Открытие еще не скоро, так что я легко нашла, где припарковаться. А вот за час до заката пришлось бы тащиться на парковку для сотрудников на заднем дворе. Я прошла мимо больших холщовых плакатов на фасаде здания. Шестиметровый постер с вызывающим, но очень похожим портретом Мелани, с длинными черными волосами, прикрывавшими очень человеческую грудь, гласил: «Ламия! Наполовину змея, наполовину женщина!» Но портрет не мог передать, как переливаются чешуйки ее хвоста, и как опасен ее яд. Я бы вообще депортировала ее в Грецию, но Жан-Клод решил, что ламия может принести деньги, и был прав.

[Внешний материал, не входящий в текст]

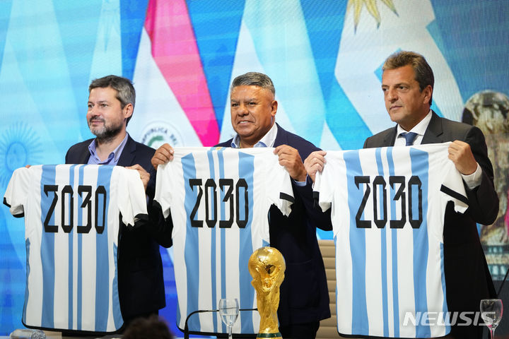 [부에노스아이레스=AP/뉴시스] 세르히오 마사 아르헨티나 경제부 장관 겸 대선 후보, 클라우디오 타피아 아르헨티나 축구협회장, 마티아스 라멘스 아르헨티나 체육부 장관(이상 왼쪽부터)이 5일(현지시각) 부에노스아이레스에서 기자회견 하면서 '2030'이 쓰인 축구 유니폼을 들고 있다. 국제축구연맹(FIFA)은 월드컵 개최 100주년을 기념해 2030 월드컵의 개막 경기를 우루과이, 아르헨티나, 파라과이에서 각각 치른다고 밝혔다. 앞서 FIFA 평의회는 2030 월드컵 개최국을 모로코, 스페인, 포르투갈로 선정하면서 개막전은 남미 3개국에서 치른다고 발표했다. 2023.10.06.
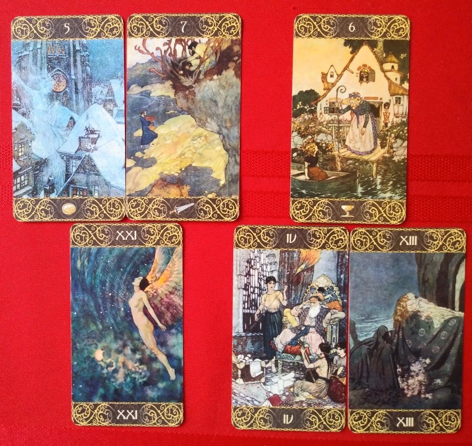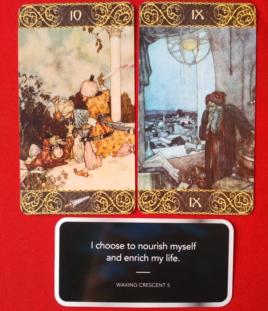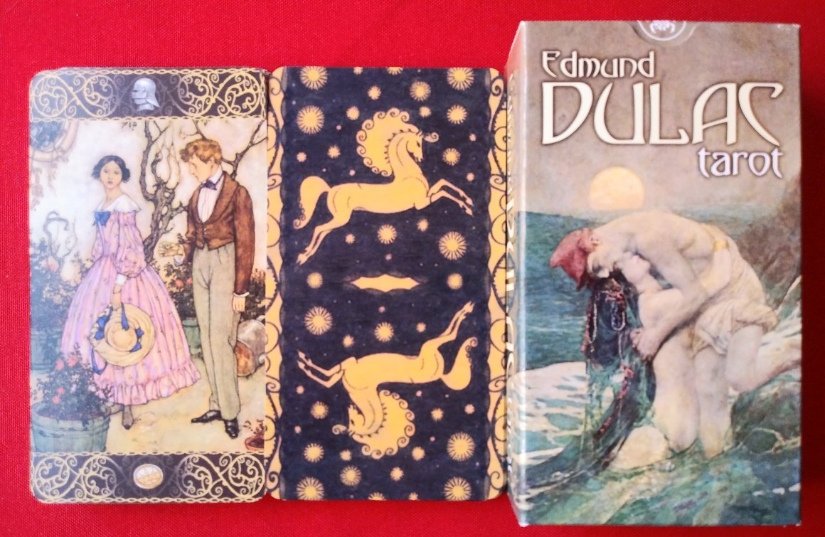 Rachelcat Posted August 21, 2023 Posted August 21, 2023 Hi crew! Good to be starting a new week and good to see you here! Monday on Sunday This week will be Edmund Dulac Tarot. A while ago I topped up my golden age of illustration -based decks, and I’ll be using my new ones for the next few weeks. This one might be my favorite so far. Dulac lived in France and England 1882-1953 and illustrated many books, including those by the Brontës, Poe, Hawthorne, Stevenson, and Yeats and many others. Let’s move on to the interview and then today’s Moon Magick affirmation. For some reason, I totally read this spread backwards. But that seemed to work! What is your most important characteristic? World Everything! The deck shows everything as beautiful, colorful, ethereal, and full of heart. What is your strength? 7 Swords It can reveal deception and what is hidden. The ogre is hidden from the traveler, but the viewer can see it. What is your weakness? 5 Coins Because it’s a fairytale deck, it doesn’t really show true-to-life troubles and problems. Fairytale problems are either glossed over or much more horrendous. This is a beautiful snow scene with a beautiful church rather than a depiction of the people being shut out. But are there people on the roof. What are they doing? What can I learn from you? Death I seem to be getting Death a lot recently . . . Endings and letting go can be beautiful even if sad. Depending on whether what was needful was accomplished. How can I learn it? Emperor The thing I need to learn about Death is that I can end (and begin) anything I want to at any time. I’m in charge of what I want my life to be and what I want to include and leave out, or take out. What will be the outcome of our work together? 6 Cups There will be mutual admiration! I’ll receive the good vibes of the deck in a childlike and positive way. Waxing Crescent 5: I choose to nourish myself and enrich my life. Well, these are both unexpected and challenging! What can I do with them? How should I nourish myself? 10 Swords I should be extreme! I should come up with some weird intellectual plan for nutrition, and then follow it through, even if other people think it’s extreme. I don’t know about this. I’m usually pretty practical when it comes to food, but we’ll see. How do I enrich my life? Hermit I can enrich my life by spending more time not really by myself but with my own thoughts instead of constantly consuming information from others. He’s got his book and his equipment, but he’s coming up with his own ideas from his own observations of the town from above.

Мелани стала паинькой с тех пор, как я освободила ее от большого плохого вампира, который приходился ей мастером. «Взгляните на чудовище без кожи!» — призывал плакат с витиеватым изображением Нукелави, не страшилкой Лавкрафта, а фейри с Британских островов, которому суждено было работать в интермедии. Ну, а о какой работе можно мечтать, когда посетители отвечают диким воплем на вашу безобидную фразу: «Картошки фри не желаете?» «Восставшие из могил зомби!» Я, было, уговорила Жан-Клода прекратить поднимать по ночам зомби на импровизированном кладбище прямо на ярмарке, но поступило так много жалоб от клиентов, что он передумал и снова принялся за старое. Мы договорились не лезть в рабочие дела друг друга. На плакате слева был изображен мужчина, одетый как Призрак оперы и сексуальный циркач одновременно: «Ашер! Мастер вампиров и Инспектор манежа!» Я подошла к дверям, а плакаты по другую сторону входа все продолжали соблазнять представлением и удовольствием, которое ждет посетителей внутри. Я задумалась, стоит ли постучать, вдруг рядом кто-то есть и откроет дверь, или лучше воспользоваться своим ключом. У меня были ключи от входной двери и от служебного черного входа, которым я обычно и пользовалась. Не помню даже, когда последний раз проходила через парадный. Как правило, я приезжаю сюда после заката, а это чревато огромными толпами народа у дверей, чего я стараюсь избегать.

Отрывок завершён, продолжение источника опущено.